** Opening Supplied material block **

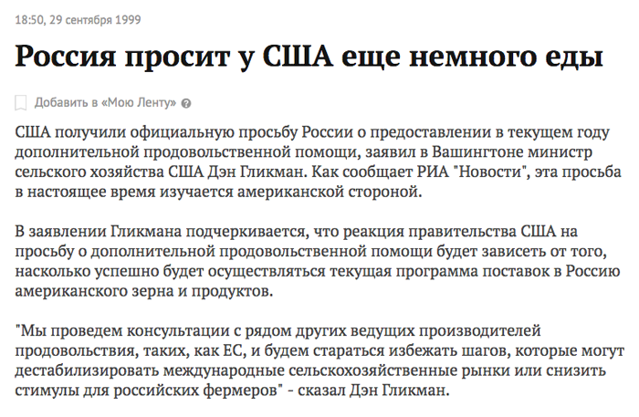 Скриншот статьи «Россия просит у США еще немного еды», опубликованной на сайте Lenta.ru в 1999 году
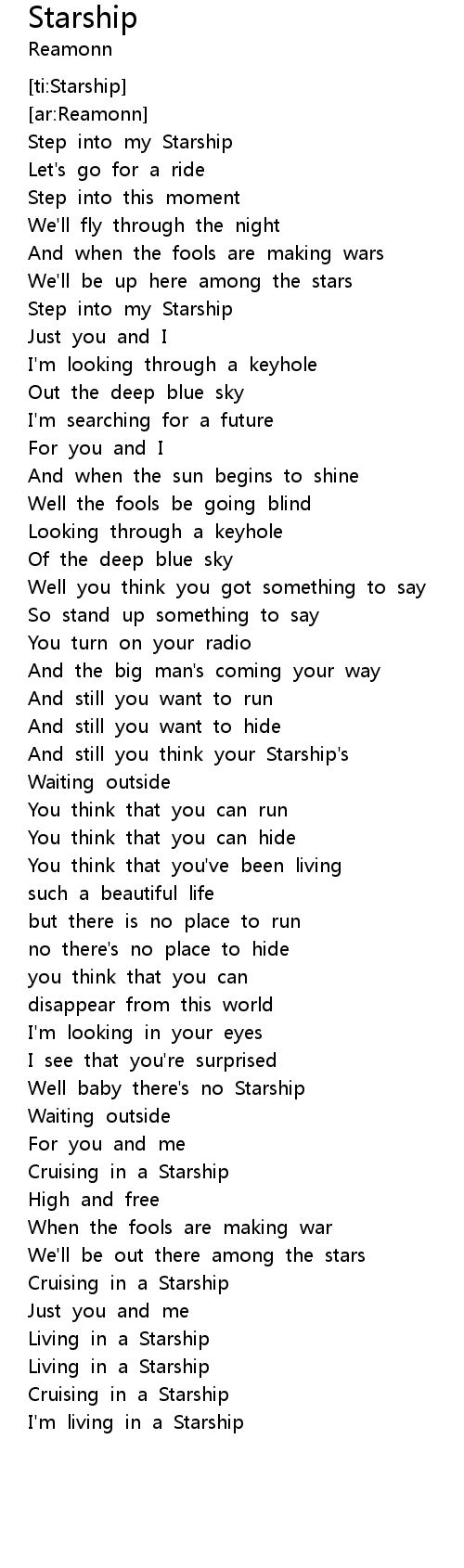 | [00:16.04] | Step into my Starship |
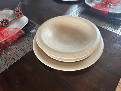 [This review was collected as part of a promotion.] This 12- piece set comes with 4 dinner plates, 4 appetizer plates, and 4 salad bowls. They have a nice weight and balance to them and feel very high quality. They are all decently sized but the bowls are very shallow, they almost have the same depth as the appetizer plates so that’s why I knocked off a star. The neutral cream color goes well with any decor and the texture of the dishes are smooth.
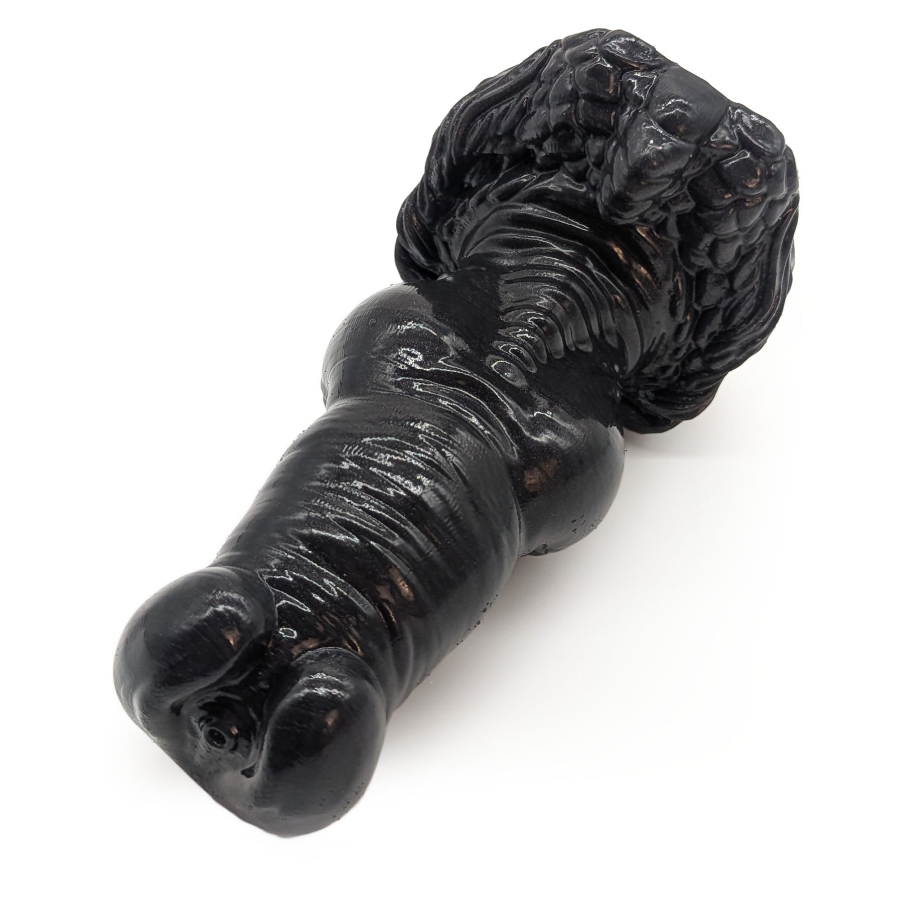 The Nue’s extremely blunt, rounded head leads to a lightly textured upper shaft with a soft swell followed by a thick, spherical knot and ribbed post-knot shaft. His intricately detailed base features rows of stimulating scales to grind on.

** Closing Supplied material block **
** Opening Supplied material block **

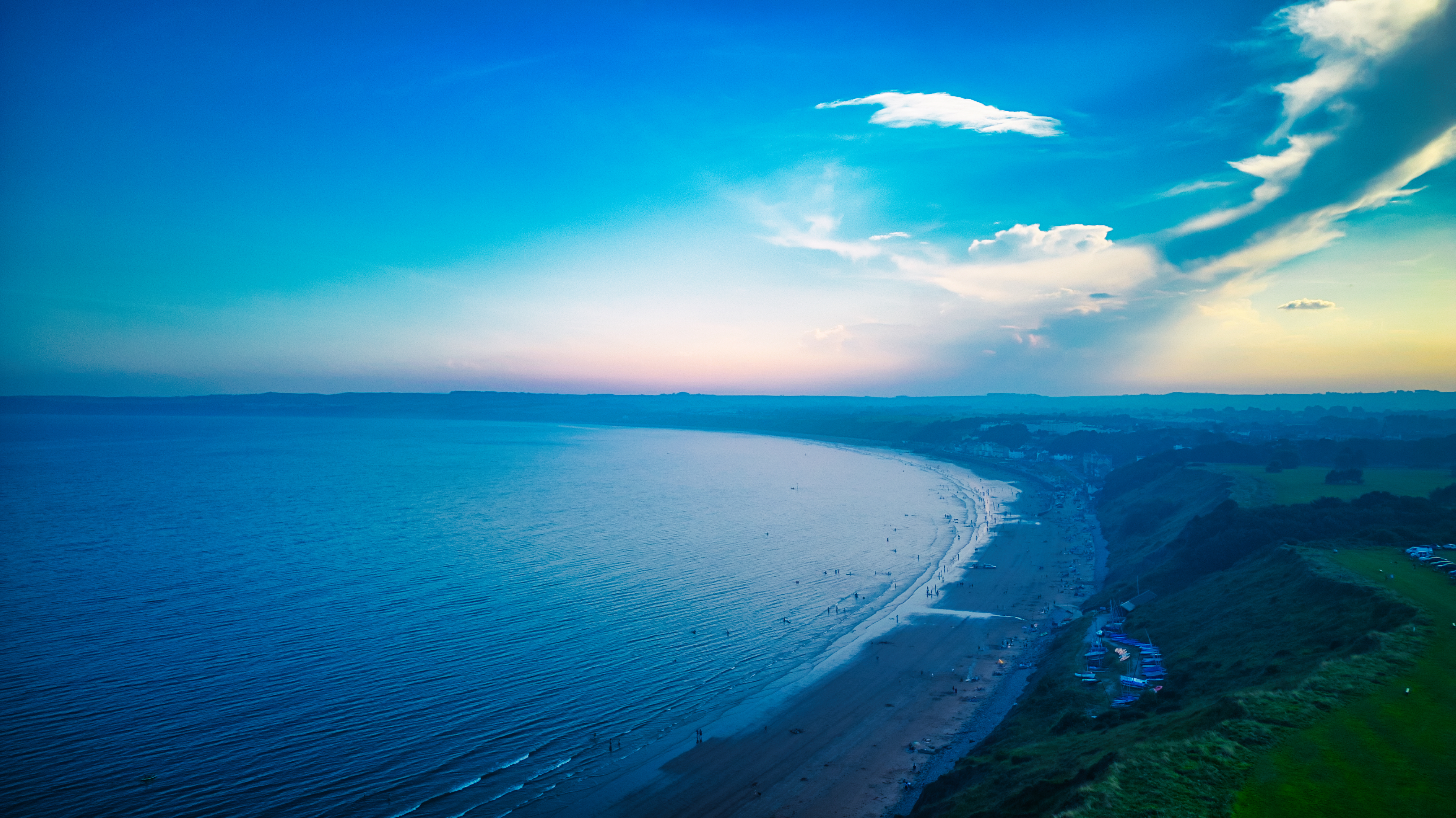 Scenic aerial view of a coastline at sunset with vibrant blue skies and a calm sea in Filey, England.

** Closing Supplied material block **
** Opening Supplied material block **

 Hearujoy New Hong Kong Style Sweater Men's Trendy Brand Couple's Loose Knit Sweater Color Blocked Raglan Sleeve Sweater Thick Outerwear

** Closing Supplied material block **

*What you have to do:*
Write out, word for word, the stretch of entries that begins at the line with "в 1999 году" and ends at the line with "The Nue’s extremely". Pictures do not belong in it.

*Result of the task:*
 Скриншот статьи «Россия просит у США еще немного еды», опубликованной на сайте Lenta.ru в 1999 году
 | [00:16.04] | Step into my Starship |
 [This review was collected as part of a promotion.] This 12- piece set comes with 4 dinner plates, 4 appetizer plates, and 4 salad bowls. They have a nice weight and balance to them and feel very high quality. They are all decently sized but the bowls are very shallow, they almost have the same depth as the appetizer plates so that’s why I knocked off a star. The neutral cream color goes well with any decor and the texture of the dishes are smooth.
 The Nue’s extremely blunt, rounded head leads to a lightly textured upper shaft with a soft swell followed by a thick, spherical knot and ribbed post-knot shaft. His intricately detailed base features rows of stimulating scales to grind on.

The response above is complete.